INSTRUCTIONS FOR THE TASK
Starting at the top line and ending at the bottom one, repeat the entries exactly and drop every picture.

SOURCE DATA
^^^^^^^^^^^^^^^^

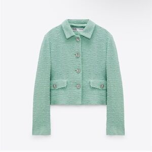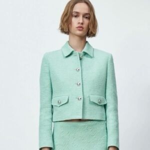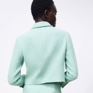 Zara Light Green Cropped Tweed Blazer. Size M. Mint Green. Chanel Inspired.
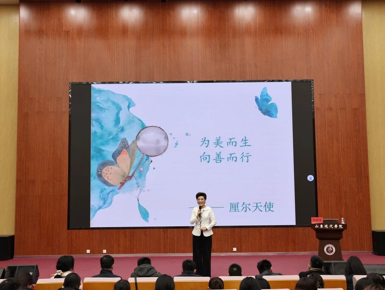 为增强同学们的阅读与社交能力,提高同学们的礼仪素养和对于幸福力的认知,11月26日,我校邀请天下女人研习社济南分社社长孙晓峰女士在图书馆报告厅开展“向美而生,向善而行”杨澜读书分享活动。
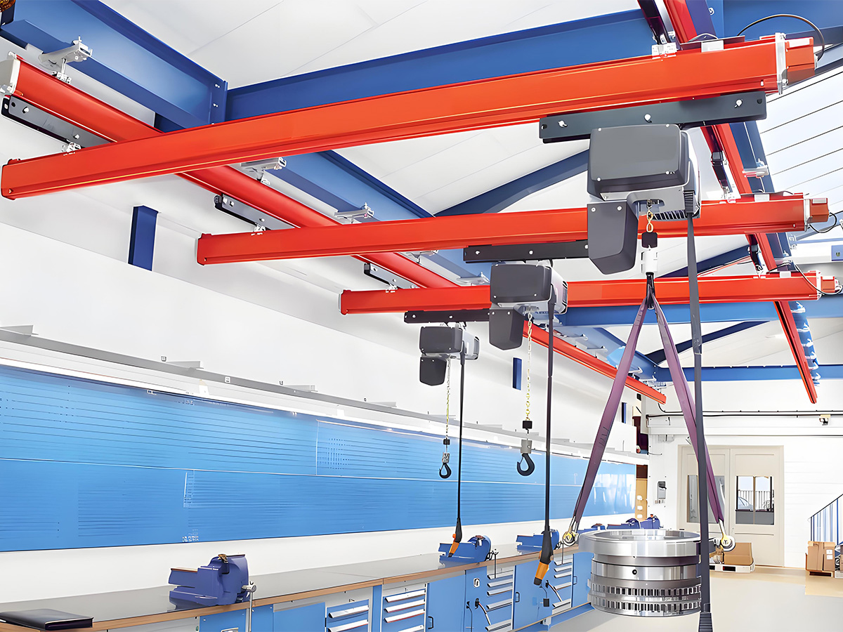 KBK柔性組合式雙梁懸掛起重機,是利用標(biāo)準(zhǔn)直線段軌道和其他輔助標(biāo)準(zhǔn)件組合而成。主梁兩端的小車行走部分,可在與主梁方向垂直的兩條平行吊掛KBK軌道中運行。雙梁與環(huán)鏈電動葫蘆配套使用,電動葫蘆運行小車可以沿著主梁方向運行。這樣產(chǎn)品用于平面物流輸送,適用于車間倉庫等場地,KBK柔性組合式懸掛雙梁起重機由于采用了雙軌道平行式組合梁增加了主梁的承載能力,因此可適用于較大的跨度和較重物料的搬運!
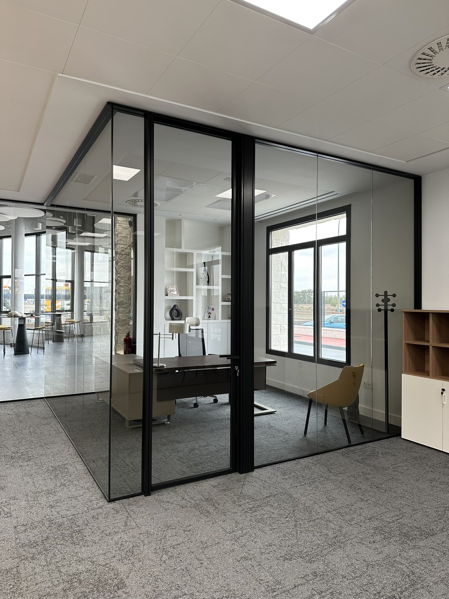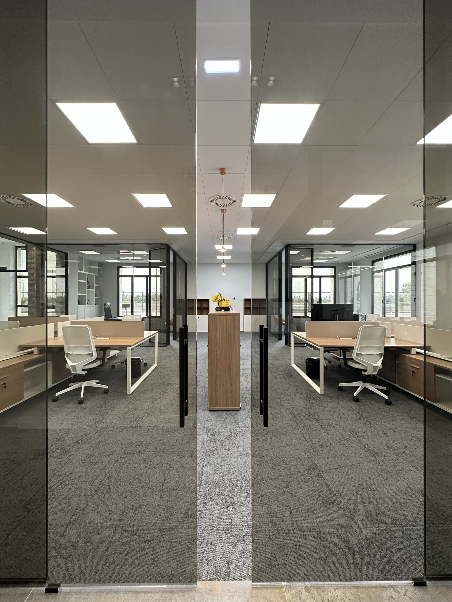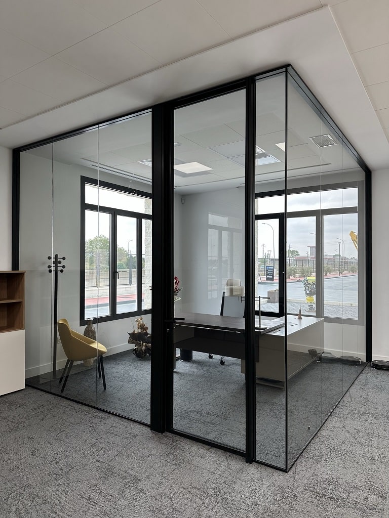 Para este acondicionamiento se ha optado por un mobiliario de calidad Actiu y Andreu World, con acabados cálidos en color madera, sillería de nuestro fabricante Forma 5, y un acondicionamiento acústico y visual en la compartimentación de espacios y revestimientos de suelos con vidrios en color fume azul para la mampara Trebe de Sitab y la moqueta de Interface.
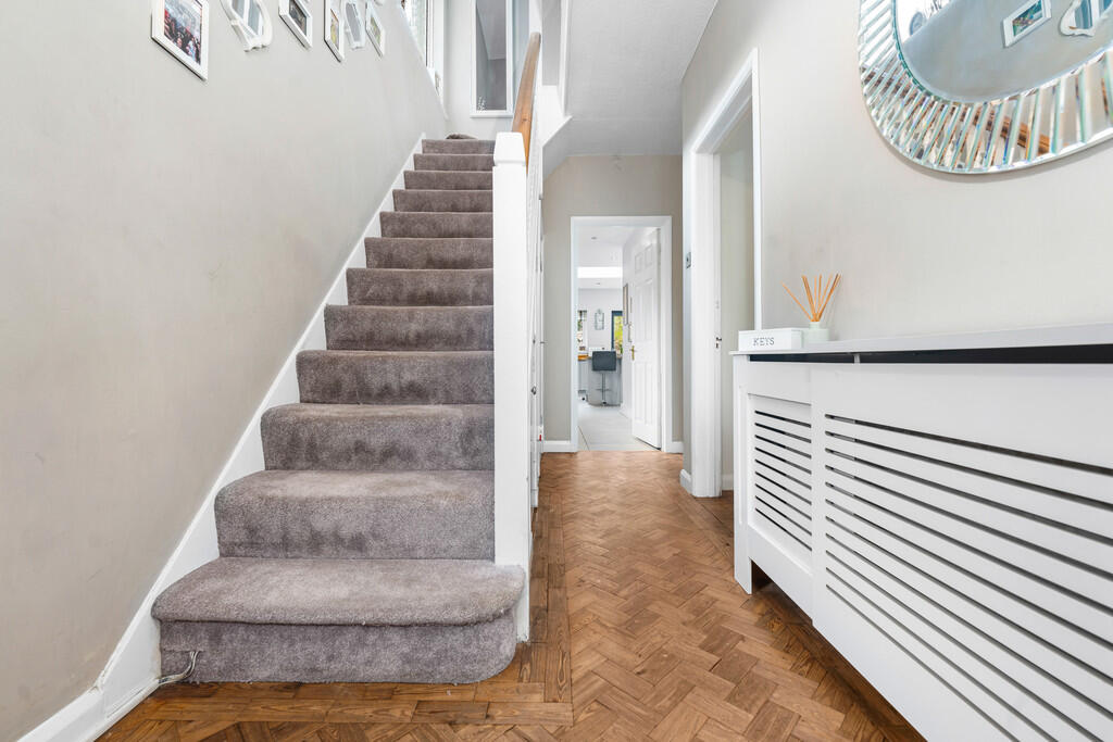 ENTRANCEHALL Enter via wooden obscure glass front door with single glazed window surround. Staircase leading to first floor with under stairs storage cupboard. Smooth walls with textured ceiling and a central light pendant. Original parquet flooring and carpeted staircase. Upvc double glazed window to side. Access into lounge, kitchen and cloakroom.
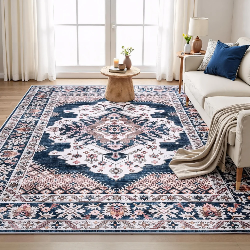 Refresh your home this Spring with the Artiss Persian Washable Rug. This large area rug features a stunning vintage design in elegant teal and blush tones. Its ultra-thin, low-profile pile is fully machine washable, making it the perfect, easy-care floor carpet for any busy living room.
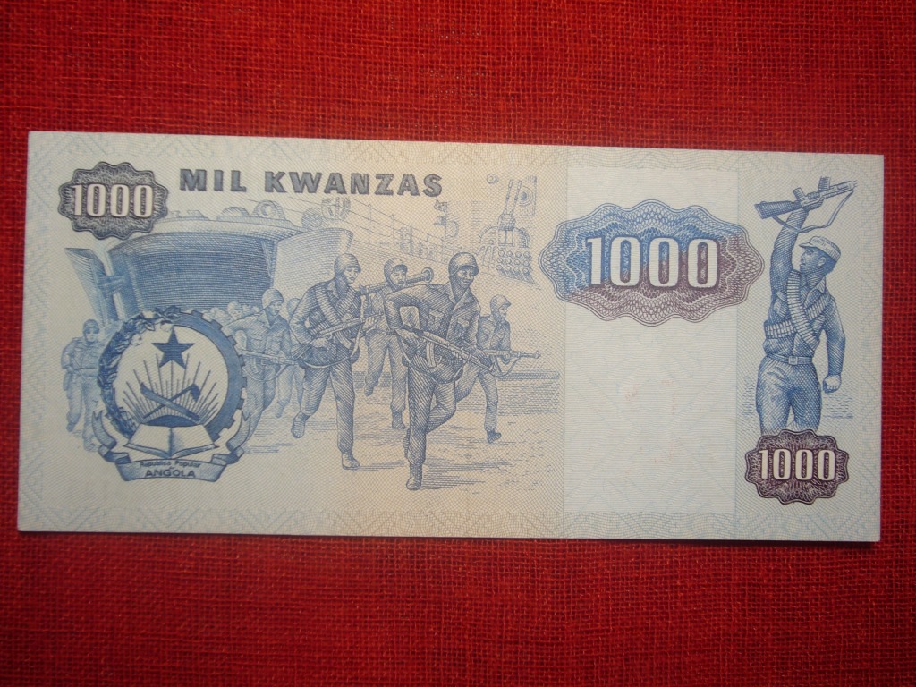 W 1991r Angola przeprowadziła próbną reformę walutową. Zanim wprowadzono do obiegu nowe banknoty, wyemitowano trzy banknoty "prowizoryczne" poprzez nadruk (w walucie NOVO KWANZA) na wcześniejszych banknotach z 1987r. Potem w ramach emisji "powrotnej" przywrócono nazwę waluty: KWANZA. Wystawiam dwa niższe nominały tej emisji.
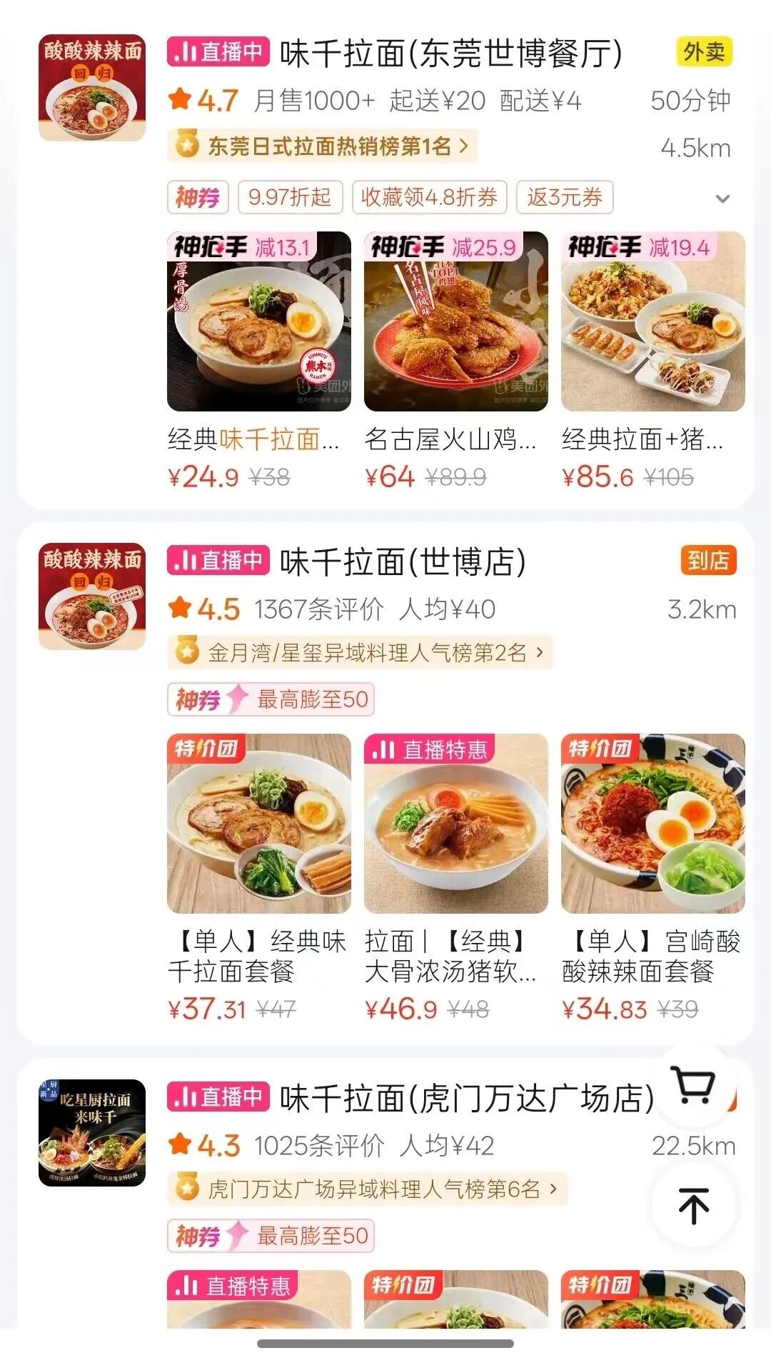 记者查询某点评软件发现,味千拉面在东莞有3家门店,其中有不少都是人气榜和好评榜门店
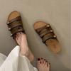 Sandálias Rasteirinhas Femininas de Verão com Fivela Tripla da Moda Vintage 2025 Sapatos de Praia Femininos Novos Plataforma Buccan Chinelos de Uso Externo
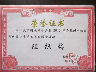 因我校學(xué)生第二課堂活動(dòng)工作突出,經(jīng)杭州市第二課堂活動(dòng)工作領(lǐng)導(dǎo)小組綜合考評(píng),我校榮獲2012學(xué)年杭州市教育系統(tǒng)與杭州市青少年第二課堂活動(dòng)優(yōu)秀組織獎(jiǎng)。
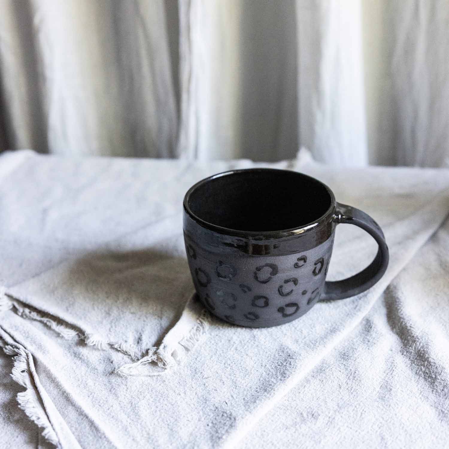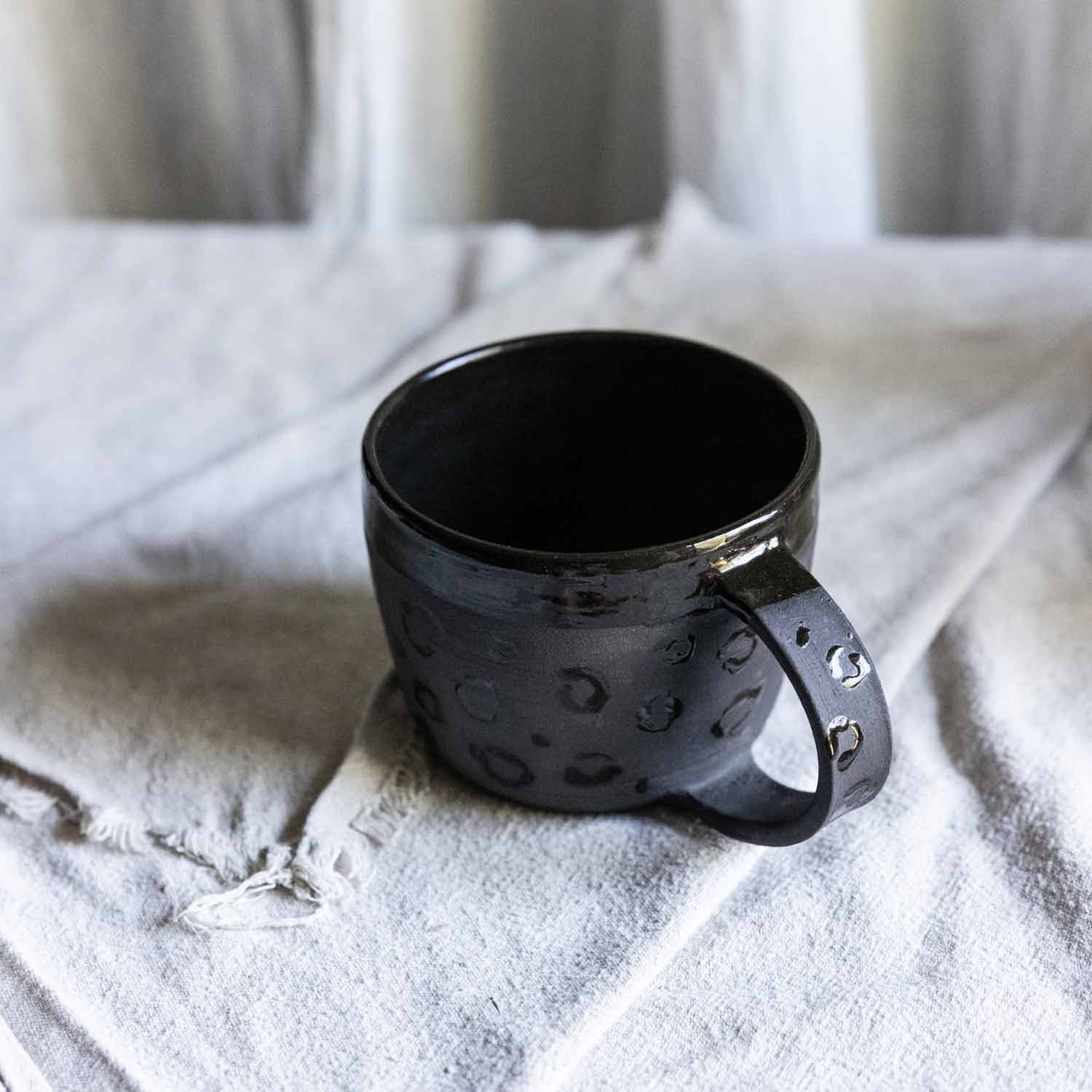 Handgedrehter Cup aus hochwertigem schwarzem Steinzeugton mit handgemaltem Leo-Design in schwarzglänzend verziert.
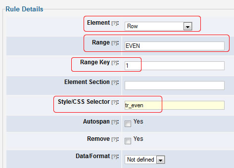 One interesting situation arises when you want to create the zebra effect, by setting the styling of the even rows differently than the odd rows. If autospan is enabled on the column element, the result may not be what we had in mind. For instance, in the example below we wanted to created the zebra effect, where the row changes based on the value of the first column. This is indicated by setting the range key = 1, which means "change the row count every time there is a new item on the 1st column". If you had set the range key = 2, then the row count would change every time there was a new item on the second row and so on. The default value range key = 0 means the the row count will change every time there is a new item on any row.
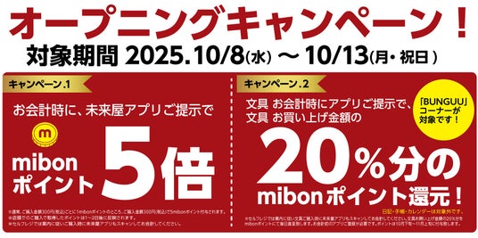 期間中、「BUNGUU」取り扱いの文具をご購入時に未来屋書店公式アプリをご提示(セルフレジではスキャン)いただくと、ご購入金額の20%分をmibonポイントで還元いたします。ポイントは後日付与されます。
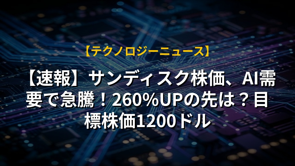 【速報】サンディスク株価、AI需要で急騰!260%UPの先は?目標株価1200ドル

^^^^^^^^^^^^^^^^

OUTPUT OF THE TASK
 Zara Light Green Cropped Tweed Blazer. Size M. Mint Green. Chanel Inspired.
 为增强同学们的阅读与社交能力,提高同学们的礼仪素养和对于幸福力的认知,11月26日,我校邀请天下女人研习社济南分社社长孙晓峰女士在图书馆报告厅开展“向美而生,向善而行”杨澜读书分享活动。
 KBK柔性組合式雙梁懸掛起重機,是利用標(biāo)準(zhǔn)直線段軌道和其他輔助標(biāo)準(zhǔn)件組合而成。主梁兩端的小車行走部分,可在與主梁方向垂直的兩條平行吊掛KBK軌道中運行。雙梁與環(huán)鏈電動葫蘆配套使用,電動葫蘆運行小車可以沿著主梁方向運行。這樣產(chǎn)品用于平面物流輸送,適用于車間倉庫等場地,KBK柔性組合式懸掛雙梁起重機由于采用了雙軌道平行式組合梁增加了主梁的承載能力,因此可適用于較大的跨度和較重物料的搬運!
 Para este acondicionamiento se ha optado por un mobiliario de calidad Actiu y Andreu World, con acabados cálidos en color madera, sillería de nuestro fabricante Forma 5, y un acondicionamiento acústico y visual en la compartimentación de espacios y revestimientos de suelos con vidrios en color fume azul para la mampara Trebe de Sitab y la moqueta de Interface.
 ENTRANCEHALL Enter via wooden obscure glass front door with single glazed window surround. Staircase leading to first floor with under stairs storage cupboard. Smooth walls with textured ceiling and a central light pendant. Original parquet flooring and carpeted staircase. Upvc double glazed window to side. Access into lounge, kitchen and cloakroom.
 Refresh your home this Spring with the Artiss Persian Washable Rug. This large area rug features a stunning vintage design in elegant teal and blush tones. Its ultra-thin, low-profile pile is fully machine washable, making it the perfect, easy-care floor carpet for any busy living room.
 W 1991r Angola przeprowadziła próbną reformę walutową. Zanim wprowadzono do obiegu nowe banknoty, wyemitowano trzy banknoty "prowizoryczne" poprzez nadruk (w walucie NOVO KWANZA) na wcześniejszych banknotach z 1987r. Potem w ramach emisji "powrotnej" przywrócono nazwę waluty: KWANZA. Wystawiam dwa niższe nominały tej emisji.
 记者查询某点评软件发现,味千拉面在东莞有3家门店,其中有不少都是人气榜和好评榜门店
 Sandálias Rasteirinhas Femininas de Verão com Fivela Tripla da Moda Vintage 2025 Sapatos de Praia Femininos Novos Plataforma Buccan Chinelos de Uso Externo
 因我校學(xué)生第二課堂活動(dòng)工作突出,經(jīng)杭州市第二課堂活動(dòng)工作領(lǐng)導(dǎo)小組綜合考評(píng),我校榮獲2012學(xué)年杭州市教育系統(tǒng)與杭州市青少年第二課堂活動(dòng)優(yōu)秀組織獎(jiǎng)。
 Handgedrehter Cup aus hochwertigem schwarzem Steinzeugton mit handgemaltem Leo-Design in schwarzglänzend verziert.
 One interesting situation arises when you want to create the zebra effect, by setting the styling of the even rows differently than the odd rows. If autospan is enabled on the column element, the result may not be what we had in mind. For instance, in the example below we wanted to created the zebra effect, where the row changes based on the value of the first column. This is indicated by setting the range key = 1, which means "change the row count every time there is a new item on the 1st column". If you had set the range key = 2, then the row count would change every time there was a new item on the second row and so on. The default value range key = 0 means the the row count will change every time there is a new item on any row.
 期間中、「BUNGUU」取り扱いの文具をご購入時に未来屋書店公式アプリをご提示(セルフレジではスキャン)いただくと、ご購入金額の20%分をmibonポイントで還元いたします。ポイントは後日付与されます。
 【速報】サンディスク株価、AI需要で急騰!260%UPの先は?目標株価1200ドル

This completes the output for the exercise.